The Feasibility Gap in Countermeasures
Despite the strength of its diagnosis, the paper’s proposed mitigations face substantial real-world implementation challenges. The authors advocate for “Neutrality Through Diversity” by fostering model pluralism to prevent monopolistic concentrations of power. However, this proposal struggles against the economic realities of frontier model training, where astronomical compute costs and data access barriers naturally drive oligopolistic consolidation. Additionally, while the authors suggest that model jailbreaks can serve as a form of “freedom insurance” to bypass restrictive systems, this viewpoint overlooks the intense security trade-offs. The same bypasses that allow citizens in authoritarian regimes to access censored history also enable malicious actors to exploit models for cyber-attacks or automated propaganda campaigns. Finally, building globally accepted, objective benchmarks to distinguish between legitimate moderation and malicious censorship remains an open, deeply subjective sociopolitical challenge.

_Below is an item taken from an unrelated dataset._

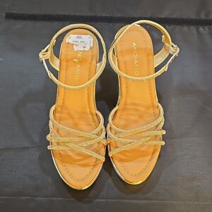 BRAND NEW ANDIAMO MULTI-STRAP RHINESTONE EMBELLISHMENTS ROUND-TOE OPEN- WEDGE SANDAL SIZE 71/2 COLOR GOLD MADE ALL MAN-MADE MATERIAL LINING UPPER MAN-MADE MATERIAL HEEL HEIGHT MEASUREMENTS APPROXIMATELY 3".15INCHED THIS ITEMS IS BRAND NEW WITH TAG NO BOX CHECK THE

Strategic Outlook and Verdict
This award-winning paper acts as a necessary and highly professional wake-up call for the AI safety community. By reframing alignment technologies as dual-use instruments of power, it forces researchers to look past the technical mechanics of optimization and confront the political reality of who defines the alignment objectives. The recognition of this paper at ICML 2026 highlights a growing institutional awareness that safety cannot be developed in a geopolitical vacuum. Moving forward, the research community must transition away from pursuing a singular, top-down “perfectly aligned” system. Instead, the strategic priority must shift toward developing open, verifiable alignment auditing standards and ensuring a diverse ecosystem of models that protect intellectual freedom and democratic self-determination.